I'm at the lowest point I've ever been...and it's still going to get worse. [TW]
I came out to my wife less than three months ago. Three months. In those three months she attended a total of three couples counseling sessions with me. As long as I did nothing verbally or visually in regards to transitioning, she was fine. Any mention of my transition, or anything purchased (like clothes) was met with arguing, fighting (verbally) and crying.

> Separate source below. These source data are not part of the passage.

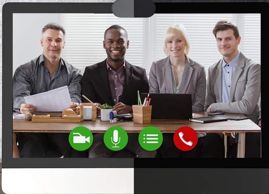
Image: Webcam mounted on a laptop screen.
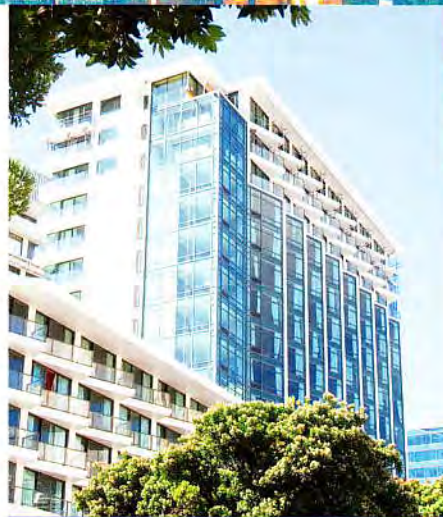
GLOCKWISE FROM TOP LEFT: Tivua Island, Fiji. Outrigger on the Lagoon, Fiji. Holiday Inn, New Zealand. Fatboys Gizo Resort, Solomon Islands. Lakes Resort, New Zealand. Guest room at Parehua Martinborough Country Estate, New Zealand.
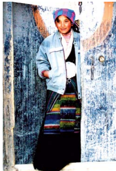
In the Tibetan hinterlands, about 600 kilometers from Lhasa, in a rustic and very remote village, appears a young woman of grace and beauty.

Tucked into the upper folds of Mount Gambo Utse and spanning 250,000 square
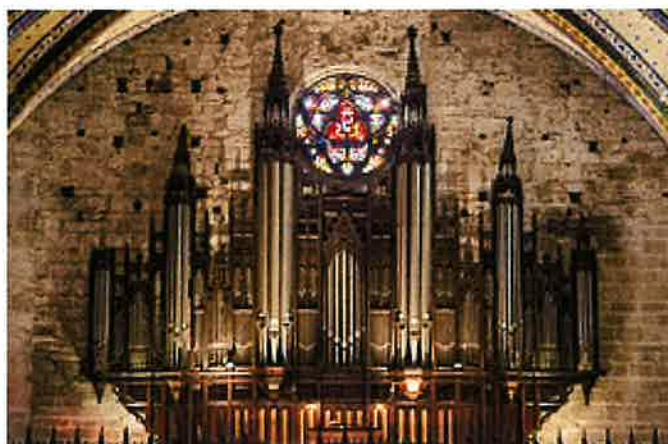
Organ of the Cathedral of Mirepoix, France. Shared via Creative Commons Attribution-Share Alike 3.0 Unported license.
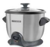
[10561228] RC620SS 20 Cooked Cups Rice Cooker (Stainless Steel) Black+Decker 2/CS
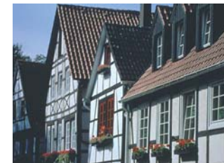
'Auf den Dielen'

Walk past the Abdinghof Church and turn left into 'Michaelstraße'. Two baroque buildings are situated here on the right hand side. In the Geissel Gardens, is the former (8) Domdechanei (Cathedral Deanery) and on the left lies the (9) Michaelskirche (St. Michael's Church) . On the far side of the (10) Geisselschen Garten (Geissel Gardens) , a conservation area encircled by two further arms of the Pader, is the small street 'Auf den Dielen'. The carefully restored timber framed houses are well worth seeing.
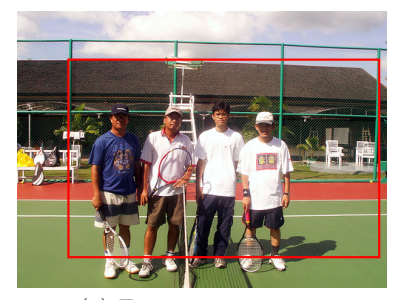
(a) Four men on court .
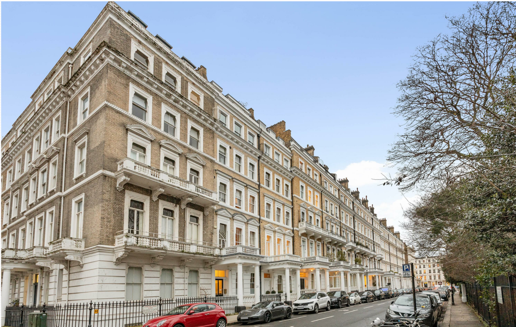
Queen's Gate Gardens, South Kensington, SW7 5RP

Guide Price £1,000,000 Share of Freehold
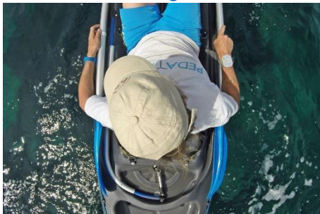
Steering control stick and helm: right or left direction
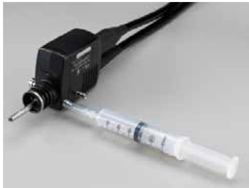
Placement of connector and syringe on Fujinon® flexible endoscope
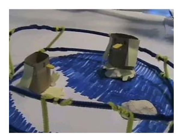
Figure 5: Product is Delivered to the Customer [Berg06]

The team then starts to build those features, but no others (cf. Fig. 4b). Developers always work in pairs when constructing. At the end of the 15 minutes iteration the constructed objects are delivered to the customer for acceptance or rejection. As soon as a feature (e.g., a penguin) is accepted by the customer it is integrated into the overall project (e.g., zoo) (cf. Fig. 5).
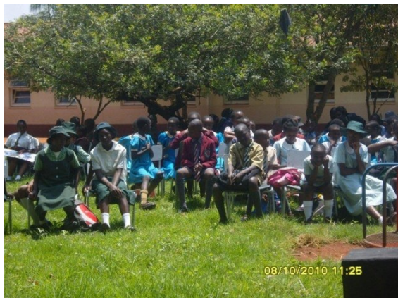
Future conservation leaders in Zimbabwe

birds and the environment due to human activities and urged young people to participate in the conservation of the environment.
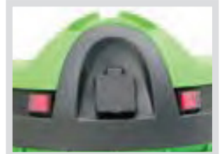
Electric Socket On Board
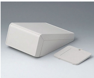
B4056307 UNITEC M, 0.6/0.6 ABS (UL 94 HB) off-white RAL 9002 148x210x80mm IP 40
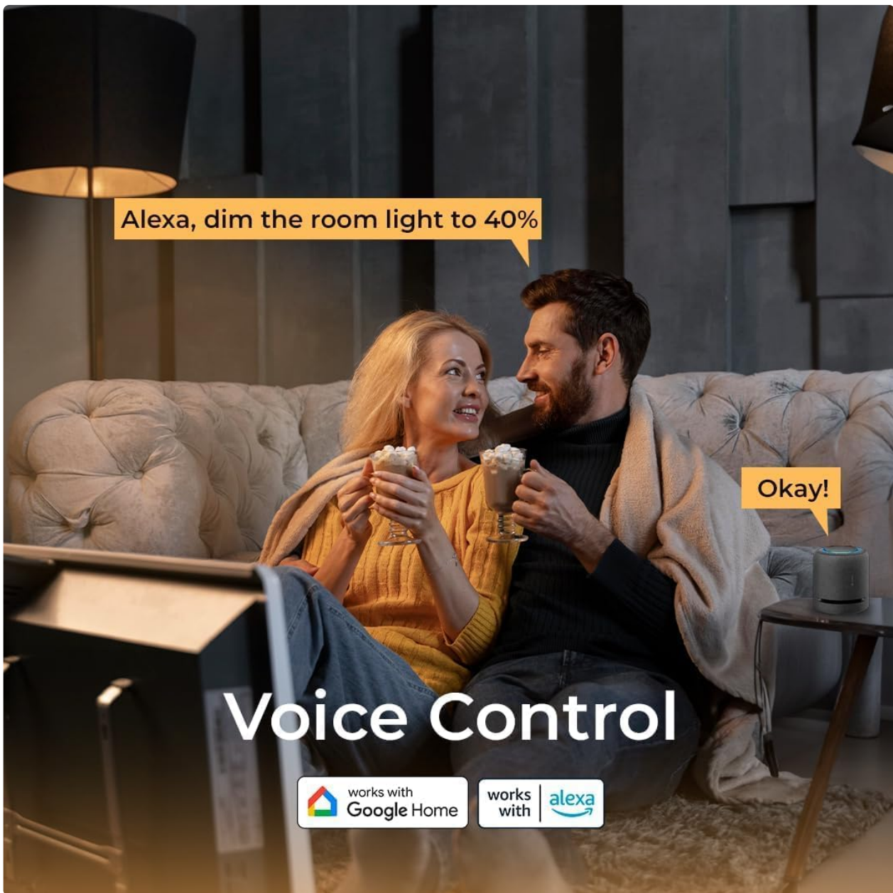
Image: A couple on a sofa interacting with a smart speaker to control their lighting, demonstrating voice control functionality.

Last night after I got home from work: "oh, hey, I need to talk to you real quick." "What's up?" "Just wanted you to know that either tonight or tomorrow you're going to get served with divorce papers. I just didn't want you to be surprised." She left me alone while I cried, and a couple hours later the dogs started barking and I got a text that read, "you should get that." There was someone at the door. "Are you (deadname), husband of (wife's name)? I got served. I cried myself to sleep in the basement while she played with the kids, did their bedtime, watched HBO, and slept in what used to be our bed.
The last argument we had, she said that this (the marriage failing) was my fault because I lied to her (about who I am) for ten years, and if I hadn't come out we'd still be sharing a bed instead of fighting.
Ten years together, seven years of marriage, two kids together, and it's all been destroyed in a matter of months. For someone who said (in the beginning) that she wanted to support me in being my authentic self and that divorce was the last thing she'd ever want, she's sure said some fairly hurtful/hateful/phobic shit and jumped to divorce pretty quickly...without doing much to either support me or save the marriage.
After running out of tears, I read the divorce papers. According to these papers, she keeps the house, she doesn't pay alimony (huge pay gap between us), she has full and sole custody of the kids, and I pay her child support. Basically, she gets/keeps everything and I leave to start over with nothing.
It's taking all I can do to keep from crying in front of my kids today. But hey, on the bright side, she made me a coffee this morning.
So yeah, it's only going to get worse from here, because I can either walk away with nothing or fight her and her lawyers...which I know will not go well, because she's already said she shouldn't be punished for all the hard work she's done to get where she is, and it's not fair to make her pay me alimony, since she's done nothing wrong.
Fuck. My. Life. Fuck. What. Is. To. Come.